Cannabis Regulation in Australia:

Putting community safety first

Penington Institute's new discussion paper reveals the urgent need for cannabis policy reform in Australia.

Australia’s drug policies are not working. The evidence of that is visible in the data and, far more importantly, in the daily lives of our people and our communities.

The data reveals a steady rise in drug-involved deaths over the past two decades and overwhelmed treatment services, while the most-commonly consumed substances in Australia are increasingly available at prices that are steady or declining.

Meanwhile, profits from the drug trade are driving violence perpetrated by increasingly well-armed participants in a thriving criminal ecosystem.

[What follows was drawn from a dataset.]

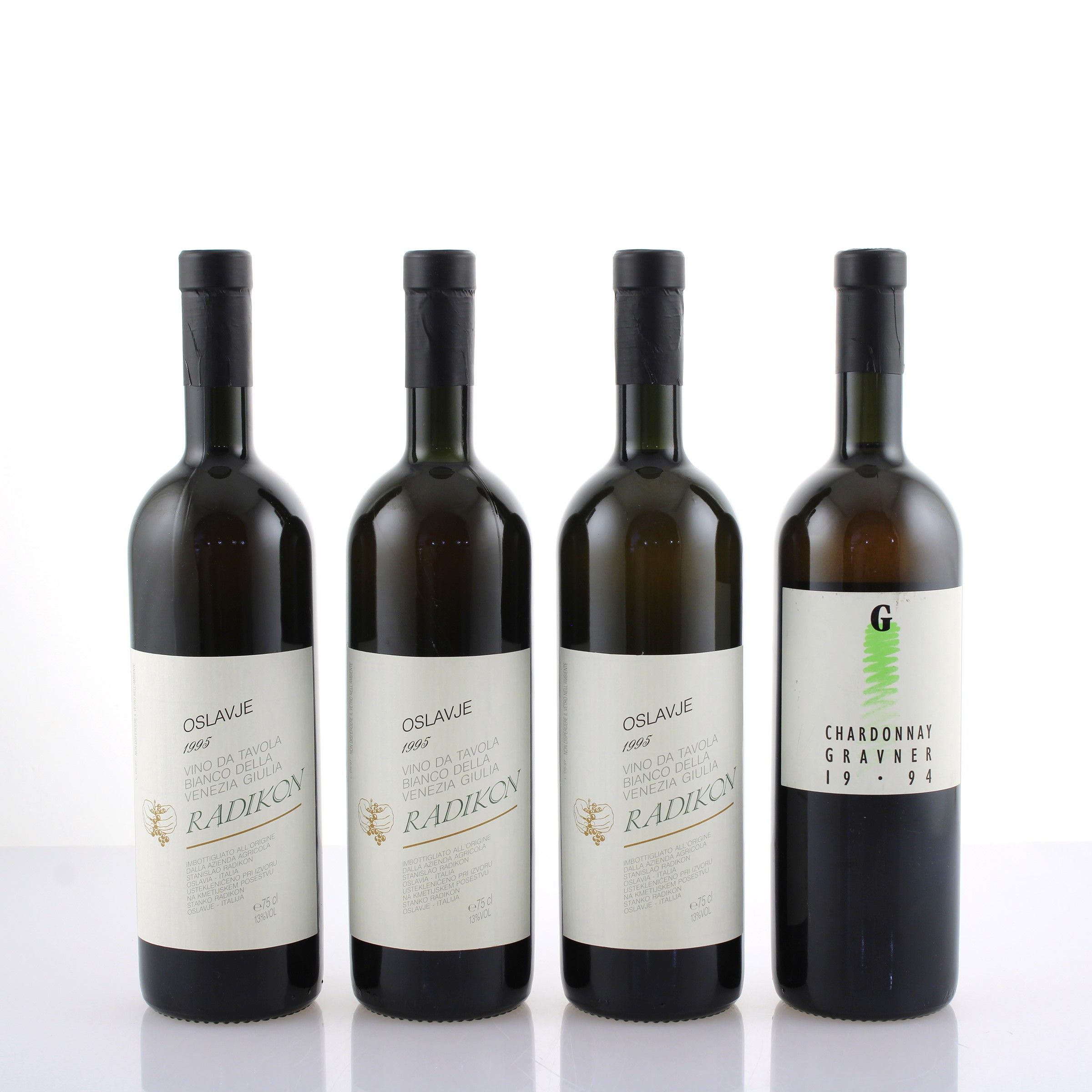 Friuli Venezia Giulia 1 bt Gravner, Chardonnay 1994, base del collo 3 bt, Radikon, Oslavje Bianco 1995, base del collo

These trends reflect the counterproductive results of a national drug strategy that overwhelmingly relies on law enforcement. Low-level possession and use offences continue to dominate anti-drug arrests; this costly, misdirected, and ineffective outcome neither limits drug supply nor reduces criminal profit.

Bold steps are needed to rethink how we protect people and communities, starting with the implementation of low-risk, maximum-impact interventions.

Establishing a regulated adult-use cannabis market is an example of such a policy: an evidence-based response that will reduce wasteful misallocation of law enforcement resources, shrink criminal organisations’ revenue, and generate resources to address key health and safety priorities.